Sermon: World Religions: "Hey, Brother, Can You Spare a Dollar?

Prayer at a time of war

Opening words [Next] [back to top]

We are here
on this day of shorter hours
to worship, to celebrate our lives
in this difficult, tender world.
Blest are the men and women
who by their lives and words
paved the road of love and truth
on which we journey.
Now it's our turn. And so we pray

And at celebration's end, may our reason and our passion keep us true to ourselves,
true to each other, and true to those shared visions of what we can together become.

Sequence [Next] [back to top]

Spring, you have come despite the cold clinging of winter.
Forsythia and scilla,
magnolia and tulip
you all look like so many church bells, ringing the hour of some great festival. Maybe it's the exact birthday
of the cosmos itself so many billions of years ago.

You open your mouths
like singers in a choir
trembling at the edge of ecstasy.

Your colors are unashamed
and profligate.

You come up despite
the sandy wind in the distant desert.

You send up your joy despite the sad deaths in a distant land.

You take no notice of a strange illness in Asia and Canada.

You pay no attention to either
wealth or poverty, belief or unbelief,
politics or religion.

You simply open
under the powdery sky and say,

"Here I am for but a while.

Drink in my red and my yellow
my white and my purple as the medicine of life that suspends you
between yes and no,
sigh and silence.

Be refreshed by my dewy nectar
that was sweet long before sadness existed on earth,
and remains sweet in the midst of your deepest present resentment, and which will pour its sweetness out year after year without concern for either your worry or wonder."

Be blest, blossoms that rise from the earth. For you return us to that which is larger than our sorrow and our worry…the universe that is our common home, our shared shelter,
our heart's own hearth and health.

Before the wonder of the irrepressible spring, our silence…

{silence)

Remembering that human hearts are connected to each other as surely as pollinating bees are bound to spring's open flowers, we remember in this sacred time our brothers and sisters whom we love, and who have loved us till we reached this day.

We name them into the common air or in the silence deep within.

(naming 9 AM)

They live in us, the great multitude of those who brought us to this day.
With their power in us, joined to us,
may we come to believe that there is no mountain we cannot try to climb,
and no child we cannot try to save,
and that the spirit within us is
a spirit of compassion and strength.

(11 AM)

"God bless the child," the song says, and so it may be that each of us has our own blessing…the blessing of the spring, the blessing of our honest feelings, the blessing of overcoming struggles, the blessing of this music, the blessing of each other.

First Reading [Next] [back to top] is a moving poem by Berkeley California Poet Laureate, Julia Vinograd, who every day limps down Telegraph Ave greeting the huddled homeless, the sparechangers, the students at CAL, and their teachers as they walk down the tattered street.
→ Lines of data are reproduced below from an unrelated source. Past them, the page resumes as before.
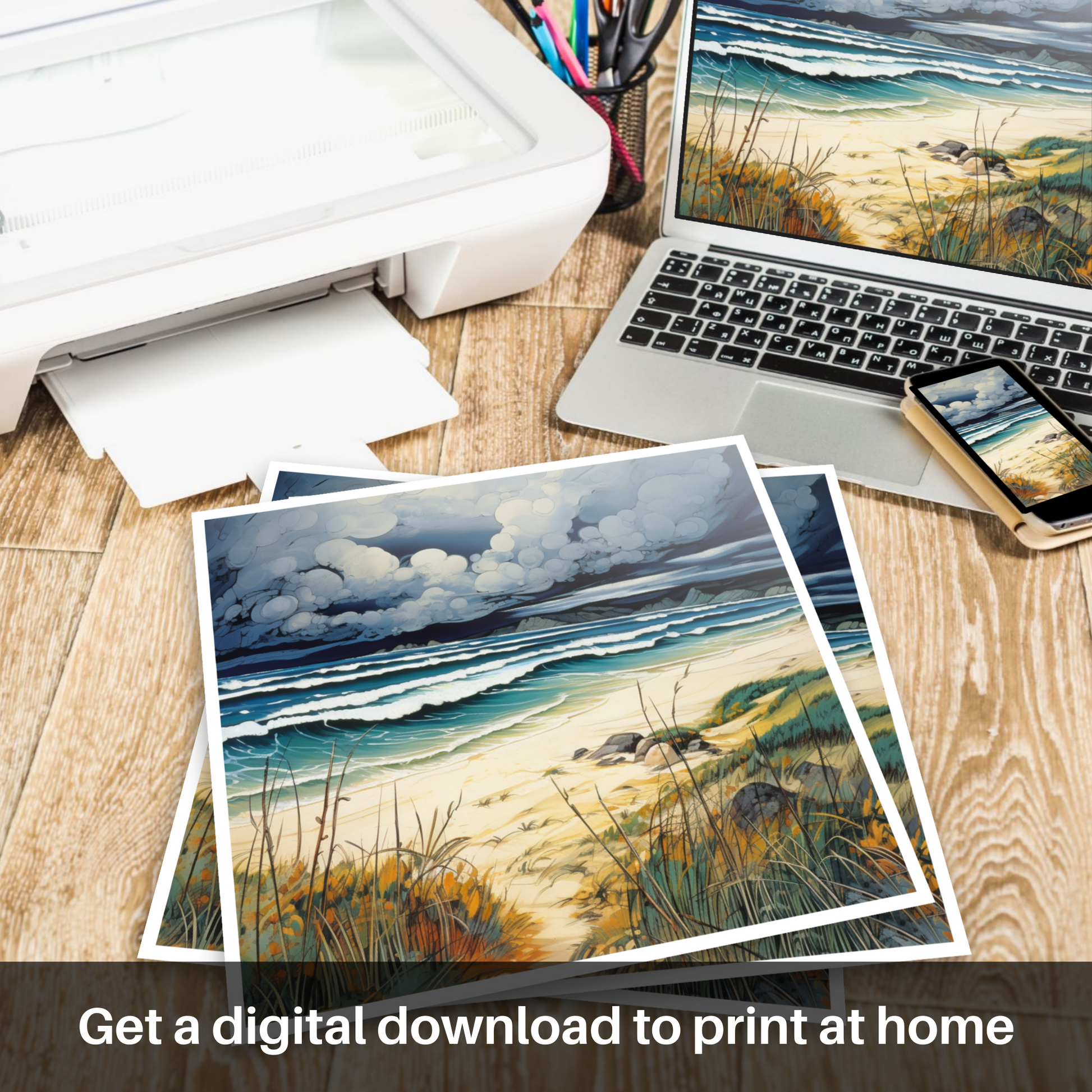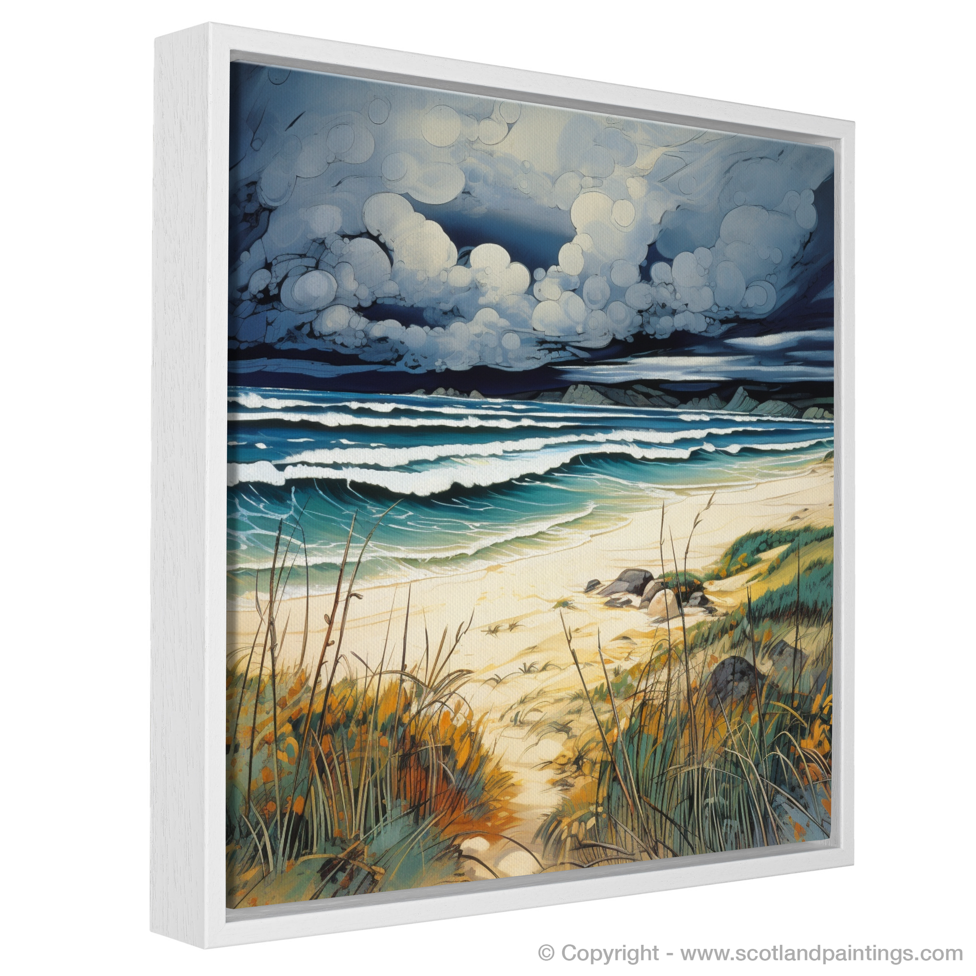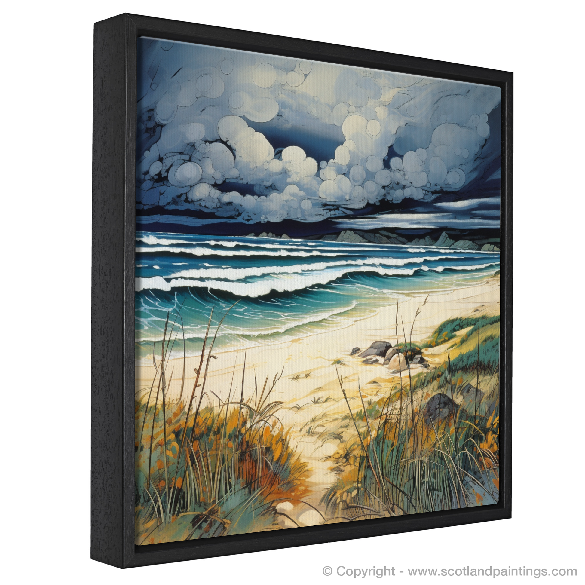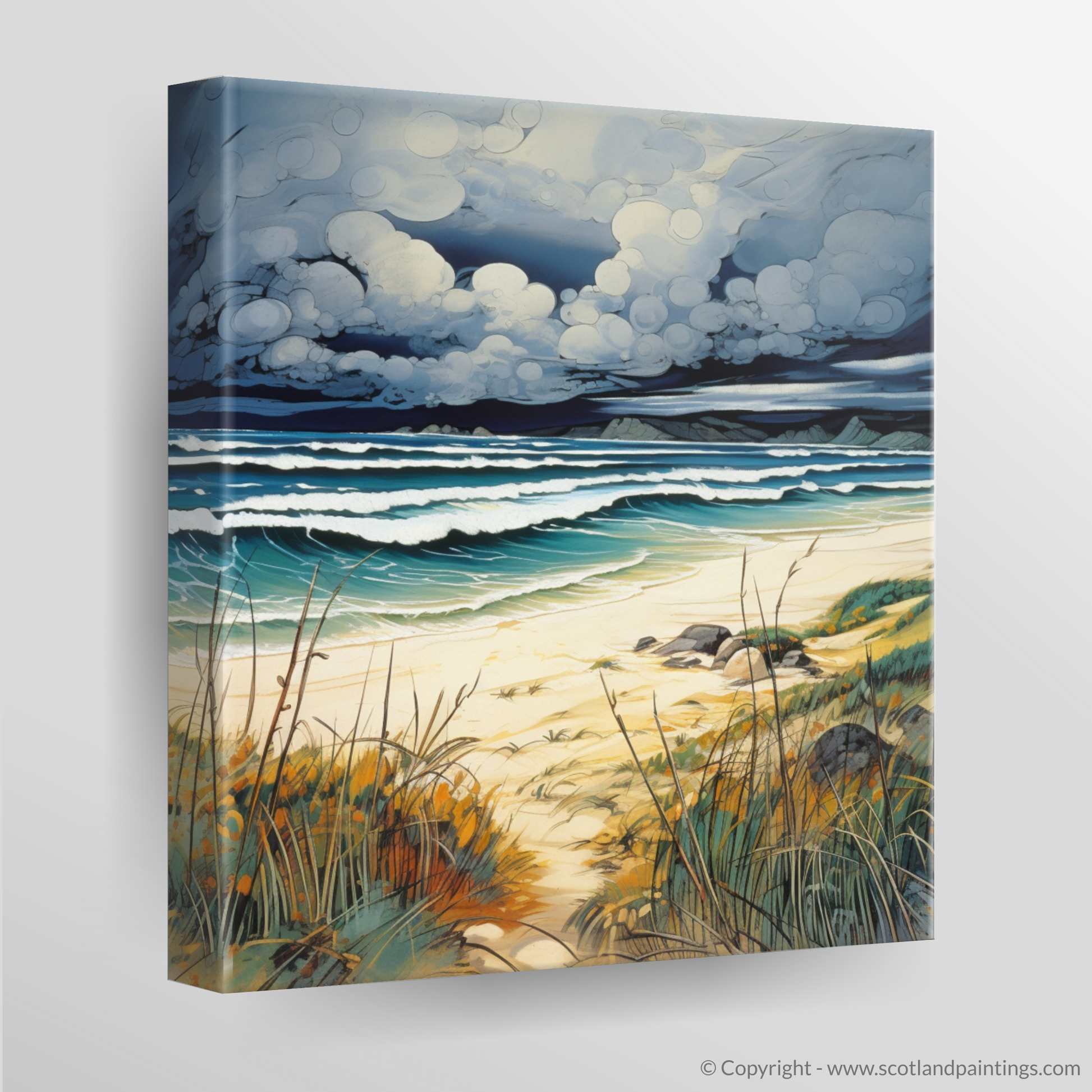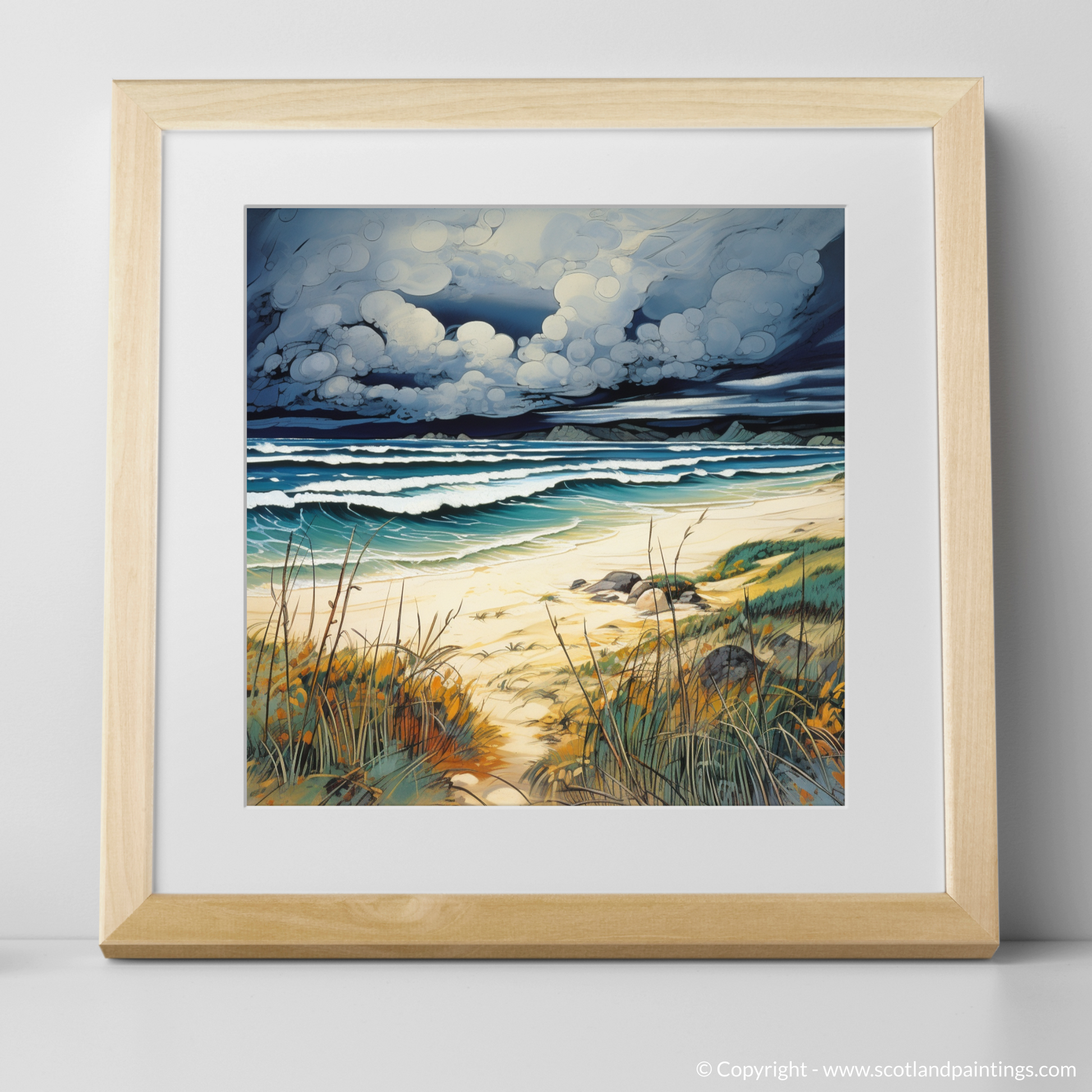 Capturing the untamed spirit of Scarista Beach, this evocative piece transports the viewer straight to the heart of the Scottish coast. Imagine yourself standing on the edge of the Hebrides, where the vastness of the sky dramatically meets the wild sea. The tempest above churns with an energy that is almost palpable, as swirling storm clouds rendered in a stunning palette of moody blues and greys dominate the horizon.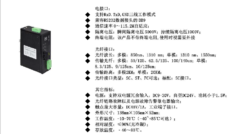 *支持RS-232工业控制现场总线协议。通信速率0~115.2M自适应。*光纤最远通信距离可达6OKM。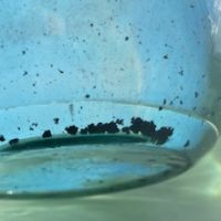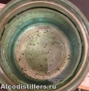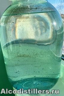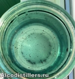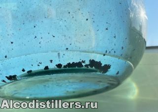Приветствую господа винокуры! Перегнал я свое односолодовое сусло… получилось порядка 260мл АС с килограмма. Гнал до воды но возник вопрос после определенного отобранного объема (%) пошли черные жирные вкрапления…. По мере снижения % их становилось больше. На фото три литра крепостью 6%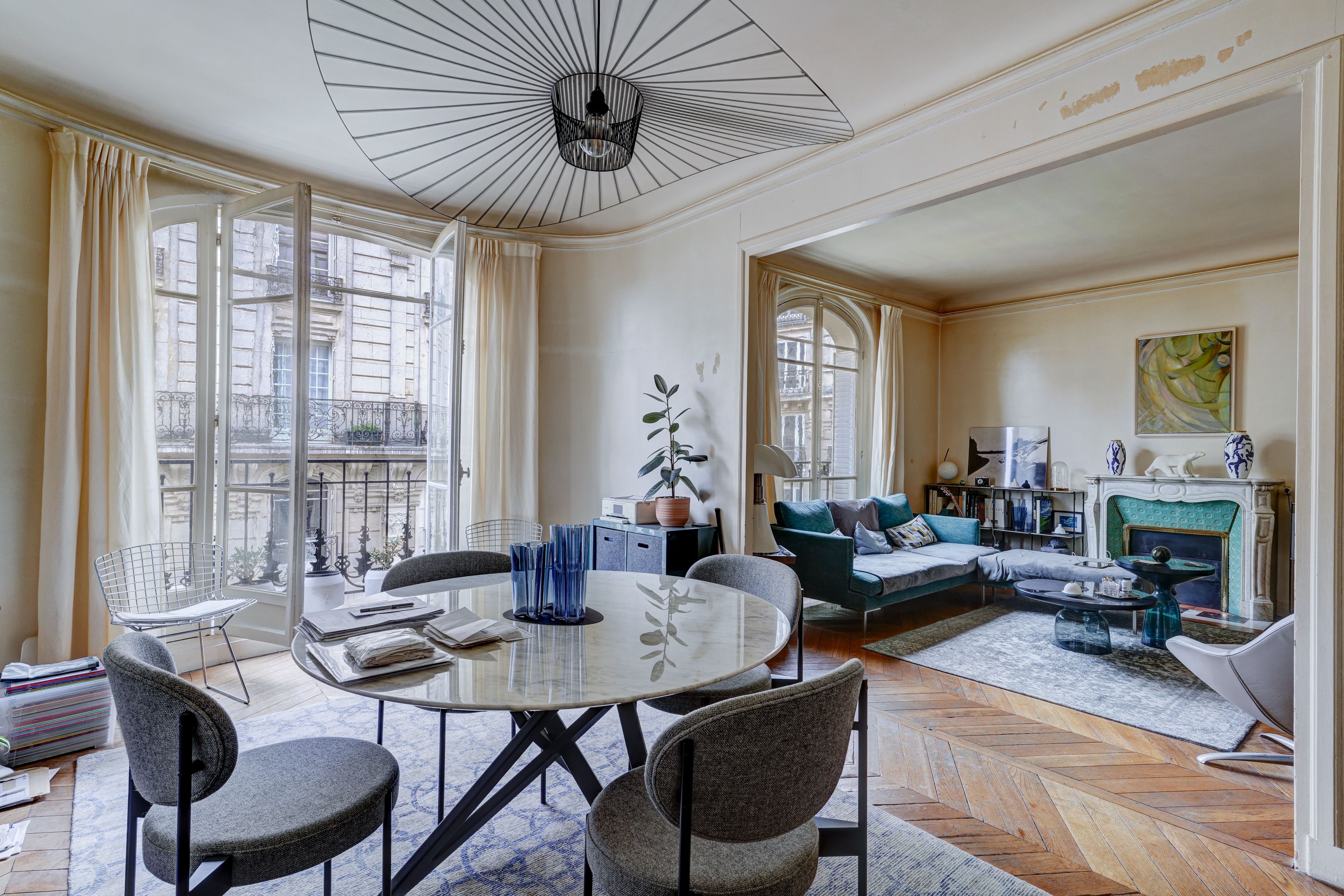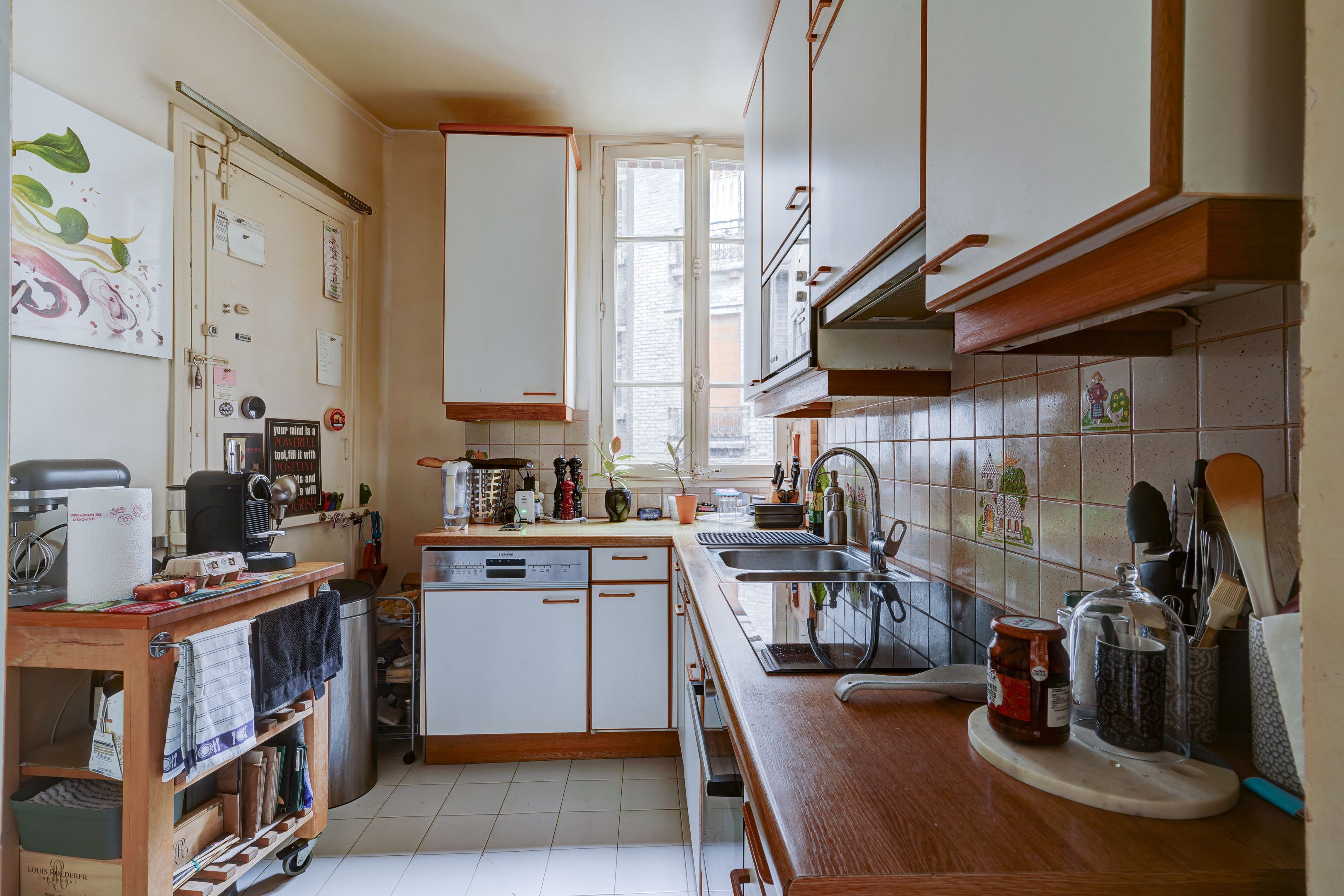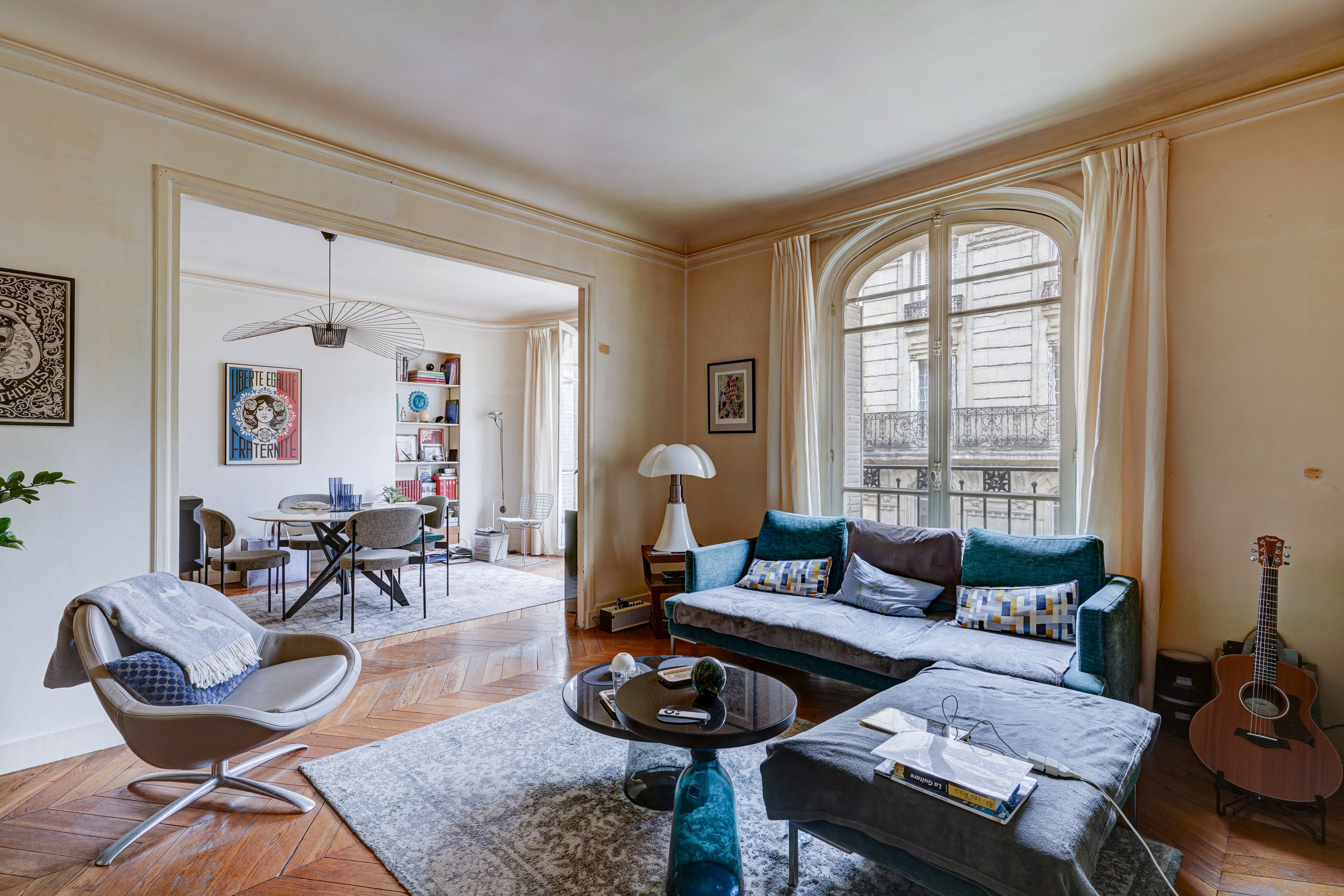 Lamarck district, on the fourth floor of a beautiful Haussmann building dating from 1900, served by elevator. Family apartment with 89.46 m² floor area (88.82 m² Loi Carrez) sold and rented. Entrance hall, double living room, separate kitchen, two bedrooms, dressing room, bathroom, separate toilet. Parquet flooring, moldings and functional fireplace. Possibility of acquiring a spare 10.17 m² utility room. Cellar.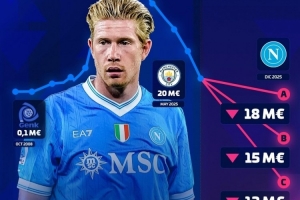 德轉(zhuǎn)預(yù)熱德布勞內(nèi)最新身價(目前2000萬歐)

She almost always has a bubble ring in her hand, dipping and spreading soap bubbles down the street as she goes back and forth, back and forth.

SPARECHANGERS

20 on a block and by the time
you get to the end of the block
your innocence is gone.

You're a horrible miser
who lets people starve in front of you;
you're guilty of the hawking cough
and the plastic bag raincoat
and the broken shopping cart
packed with all that's left.

It isn't much and it's getting wet
and it's your fault it's raining too.

If you looked in a mirror
it would break with disgust,
you couldn't spare a quarter?

You were just walking down the street
minding your own business,
maybe thinking about someone you just met
and the light on their hair
and wondering if they liked you as much
when all of a sudden there's this empty hand
in your path and you're a mass murderer and there's no excuse.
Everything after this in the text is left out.